[Start of Attachment]
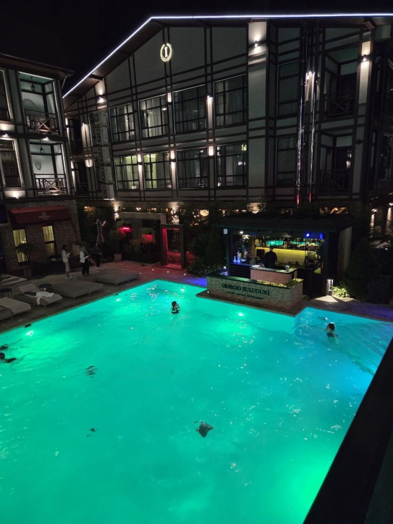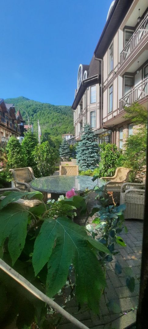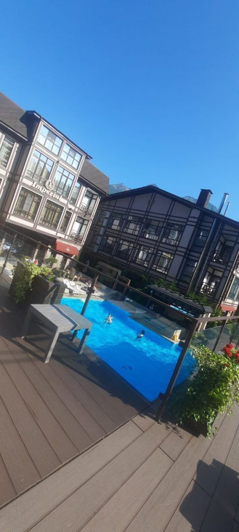 Добрались до отеля на своей машине к часу дня(ехали 12 часов). При въезде в Красную Поляну, попали под сильный ливень, хотя до Сочи погода была просто изумительной. Сразу по прибытии, на ресепшене, нам сообщили, что по техническим причинам сегодня бассейны и СПА не работают. На вопрос, а чем администратор может нам предложить заняться в таком случае, пожал плечами. Пока регистрировались, администратор посоветовал пойти в ресторан и сделать заказ на обед, чтобы мы не остались голодными. Это плюс, и приятно, что о нас подумали. Заселение в номер, сказали, после трёх часов т.к. идёт уборка. В половине четвертого нам сообщили, что номер ещё не готов, и нам нужно подождать ещё минут 5-7. Спросили про "комплимент" в таком случае(ибо уже два "косяка", а мы ещё даже номер не видели). Сказали, что доставят в номер тарелку с фруктами и сок. Мы попросили вместо этого бутылочку шампанского, нам отказали. Мелочь, но осадочек остался. В итоге заселили нас только в 16:00.
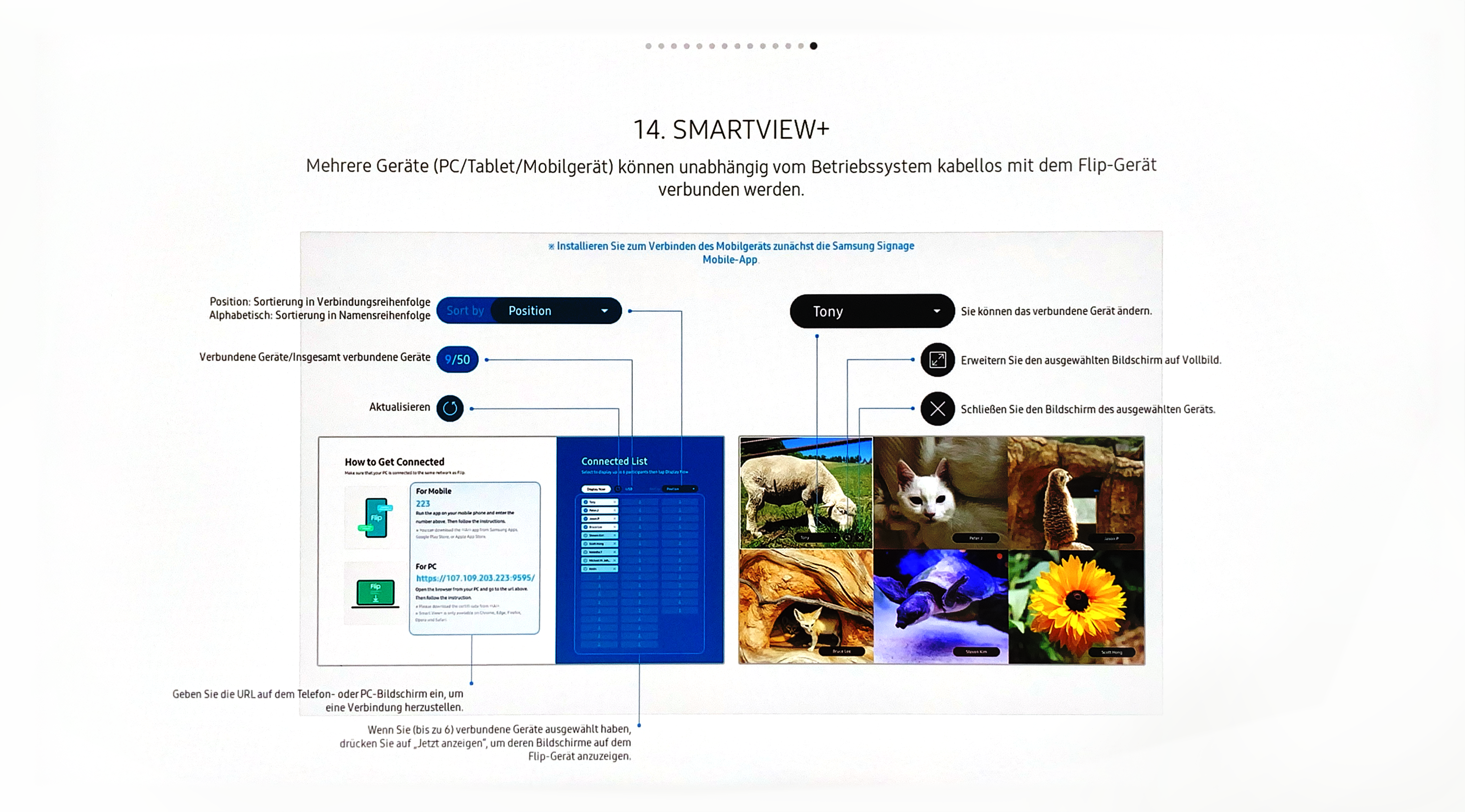 Mit Smartview+ können mehrere Geräte wie PC, Tablet oder Mobilgerät unabhängig vom Betriebssystem kabellos mit dem Flip-Gerät verbunden werden. Voraussetzung dafür ist die Installation der entsprechenden App auf dem zu verbindenden Gerät.
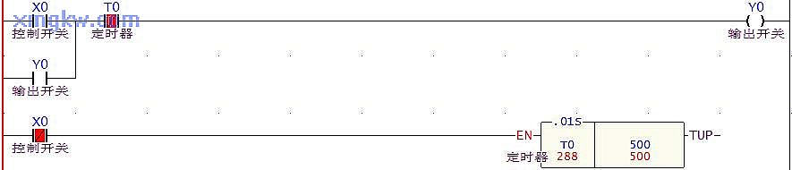 當開關(guān) X0接通為 ON時燈 Y0亮,當開關(guān) X0斷開為 OFF時,需再經(jīng)過 5秒鐘后 Y0燈才熄滅?!窘M件說明】
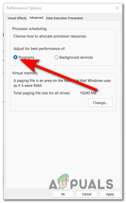 Making sure that the Programs option is selected - After that, right after Virtual memory, you have to click on the Change button. Now make sure that the Automatically manage paging file size for all drivers option is activated, meaning that the box next to it is checked.
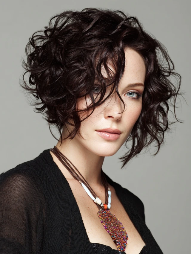 Curls bring volume and personality, while the asymmetrical cut gives shape and definition.
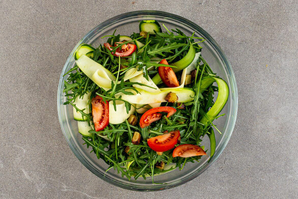 Den Rucola mit den Zucchinistreifen, den Zucchiniwürfeln, den restlichen Tomaten und dem Mozzarella vermengen. Aus 2TL Olivenöl, 1TL Essig sowie je 1 Prise Salz und Pfeffer ein Dressing anrühren und mit dem Salat mischen. Den Salat mit den Kichererbsen, dem restlichen Käse und den übrigen Pinienkernen anrichten und mit dem Pesto garniert servieren.
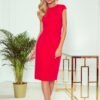 Tamara Elegant midi dress with belt and short sleeves. Dress in red. Made of thicker – pleasant to the touch, slightly flexible material without lining. Fastened at the back with a covered zipper. Numoco brand. Polish product.
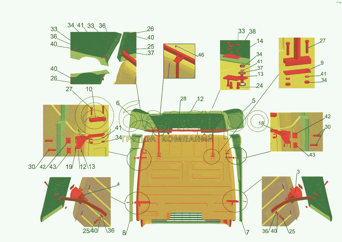 Каталог запасных частей к технике: МАЗ-5440E9. Установка обтекателей 6430-8000014-010
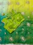 Paired with a fully stitched fancy-pattern blouse crafted from raw silk fabric, featuring embroidery work and mirror lace detailing, this saree is ready to wear and effortlessly stylish.
[End of Attachment]
▸ YOUR GOAL
Please output, exactly as written, the lines above from the one holding "Curls bring volume" through the one holding "Den Rucola mit", both included, with the pictures omitted.

▸ SOLUTION FOR THIS PROBLEM
 Curls bring volume and personality, while the asymmetrical cut gives shape and definition.
 Den Rucola mit den Zucchinistreifen, den Zucchiniwürfeln, den restlichen Tomaten und dem Mozzarella vermengen. Aus 2TL Olivenöl, 1TL Essig sowie je 1 Prise Salz und Pfeffer ein Dressing anrühren und mit dem Salat mischen. Den Salat mit den Kichererbsen, dem restlichen Käse und den übrigen Pinienkernen anrichten und mit dem Pesto garniert servieren.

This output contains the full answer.